Is this possible ? to have SSE4.1 and not SSE3 ?

Note: SSE and SSE2 are pre-set since the program will exit if SSE2 is not present, so this bit must be set by the test.
Title: Re: Code location sensitivity of timings
Post by: Gunther on August 12, 2014, 01:58:59 AM
Hi nidud,

Is this possible ? to have SSE4.1 and not SSE3 ?

Note: SSE and SSE2 are pre-set since the program will exit if SSE2 is not present, so this bit must be set by the test.
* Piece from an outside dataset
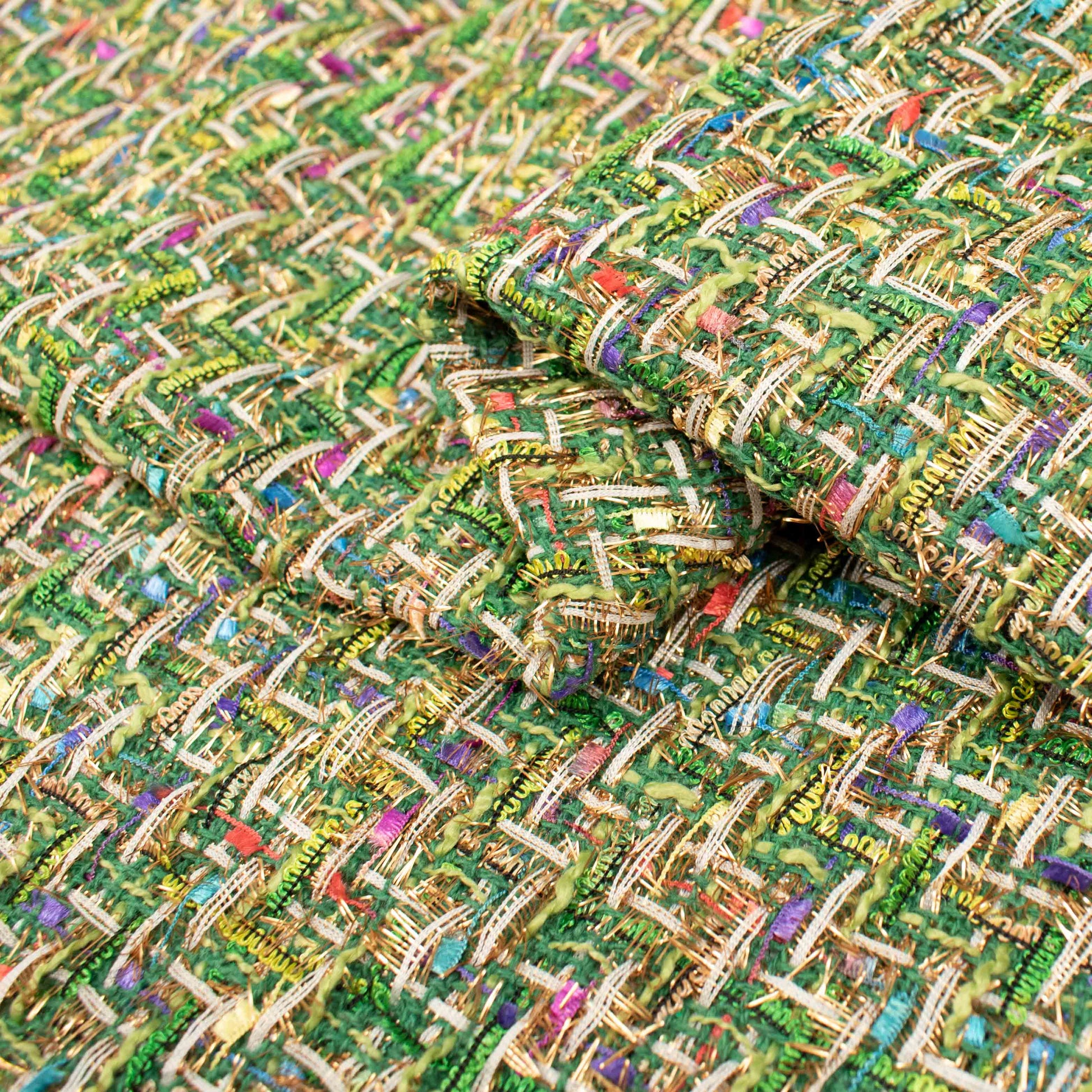 Our Boucle Tweed Suiting is a luxurious poly/wool blend that features timeless, textured Chanel-inspired knit patterns. This fabric is perfect for crafting cozy, comfortable, and stylish warm wear. It’s ideal for creating tailored coats, chic jackets, elegant capes, and structured skirts. Available in a wide variety of colors and patterns.

I think not. Did you try that (http://masm32.com/board/index.php?topic=1418.msg14444#msg14444)? It should show you the available instruction sets.

Gunther
Title: Re: Code location sensitivity of timings
Post by: nidud on August 12, 2014, 03:01:17 AM
I tested a laptop with this result:
Quote
                Supported Features
                ==================

Vendor String: GenuineIntel
Brand  String: Intel(R)Core(TM)i3-2367MCPU@1.40GHz

                Instruction Sets
                ----------------

MMX  SSE  SSE2  SSE3  SSSE3  SSE4.1  SSE4.2  AVX

                Supported Special Instructions
                ------------------------------

Conditional Moves
FXSAVE and FXSTOR
XSAVE and XSTOR for processor extended state management.
POPCNT

and the my test now show this result:
Code: [Select]
  │        Streaming SIMD Extensions: [x] SSE    [ ] SSE4.1 │
  │                                   [x] SSE2   [ ] SSE4.2 │
  │                                   [ ] SSE3   [ ] AVX    │
  │        [x] AVX supported by OS    [ ] SSSE3  [ ] AVX2   │
  └─────────────────────────────────────────────────────────┘

And here is the problem  :lol:
Code: [Select]
    mov cl,'x'
    mov eax,sselevel
    .if eax & SSE_AVXOS
mov [edx+906],cl
    .elseif eax & SSE_AVX2
mov [edx+982],cl
    .elseif eax & SSE_AVX
mov [edx+856],cl
    .elseif eax & SSE_SSE42
mov [edx+730],cl
    .elseif eax & SSE_SSE41
mov [edx+604],cl
    .elseif eax & SSE_SSSE3
mov [edx+960],cl
    .elseif eax & SSE_SSE3
mov [edx+834],cl
    .endif
Title: Re: Code location sensitivity of timings
Post by: Gunther on August 12, 2014, 08:49:00 AM
Hi nidud,

you can trust my instruction detecting application. Your laptop supports in any case SSE3 and SSSE3 and it supports AVX. You can test that with that tool (http://masm32.com/board/index.php?topic=3227.msg35958#msg35958), if you've at least Windows 7 with SP1 installed. The glitch must be in your code. Do you test the right bits?

Gunther
Title: Re: Code location sensitivity of timings
Post by: nidud on August 12, 2014, 09:27:19 AM
The glitch must be in your code. Do you test the right bits?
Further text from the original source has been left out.